Institution: University of Cincinnati
EPA Project Officer: Boddie, Georgette
Project Period: January 1, 1997 through January 1, 1998
Project Amount: $102,000
RFA: STAR Graduate Fellowships (1997) RFA Text | Recipients Lists
Research Category: Fellowship - Toxicology , Academic Fellowships , Health Effects
The objective of this research project is to characterize the biological consequences of exposure to mixtures of the pro-oxidant metals, cadmium, chromium, arsenic, or nickel, and ligands for the aromatic hydrocarbon receptor (AHR), such as benzo(a)pyrene and 2,3,7,8-tetrachlorodibenzo-p-dioxin (TCDD).

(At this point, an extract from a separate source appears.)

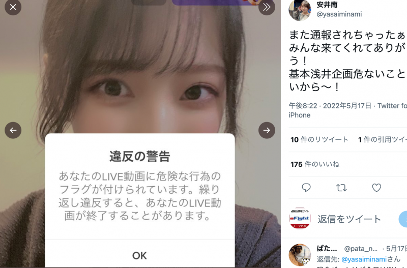 ライブ中に出た警告画面(安井南Twitterより)
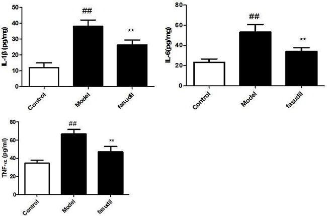 Figure 4: Fasudil inhibited the cigarette smoke-induced elevation of cytokines in serum (A) and hippocampus (B). Control: Normal mice; Model: the smoke exposed mice; fasudil: the smoke + fasudil (5 mg/kg) mice The data was presented as mean ± SEM, Compared with sham: #P < 0.05, ##P < 0.01; Compared with vehicle:*P < 0.05, **P < 0.01.

To test the hypothesis that pro-oxidant metals could alter AHR-dependent responses, I we have pursued three specific aims: (1) the evaluation of a yeast model for assessing the effects of pro-oxidants on AHR activation; (2) the characterization of the effect of pro-oxidant metals on AHR-dependent gene expression in mammalian cells; and (3) the evaluation of the biological consequences of gene expression changes by analyzing BaP-DNA adduct patterns. Using a yeast two-hybrid system, we show that AHR activity in yeast accurately reflects ligand affinities reported for whole-animal studies, but cadmium or chromium do not eaffect AHR-activation. We found that pro-oxidant metals differentially affect TCDD-inducible cytochrome P450 CYP1A1, and NADPH-quinone oxidoreducatase mRNA accumulation, and enzyme activities in mouse hepatoma cells. Cadmium and arsenic effects paralleled the ability of these metals to activate an b-galactosidase reporter regulated by oxidative stress, while the effects of chromium were not oxidative stress- dependent. Chromium did not block AHR activation, but it inhibited gene transcription. These data indicate that co-exposure to pro-oxidant metals and aromatic hydrocarbon receptor ligands disrupt the coordinate regulation of detoxification genes, leading to enzymatic imbalances that may have important consequences for the toxicity of complex mixtures. To test the biological significance of altered detoxification gene expression, we will correlate changes in enzyme activity with BaP-DNA adduct formation in human lung cell lines.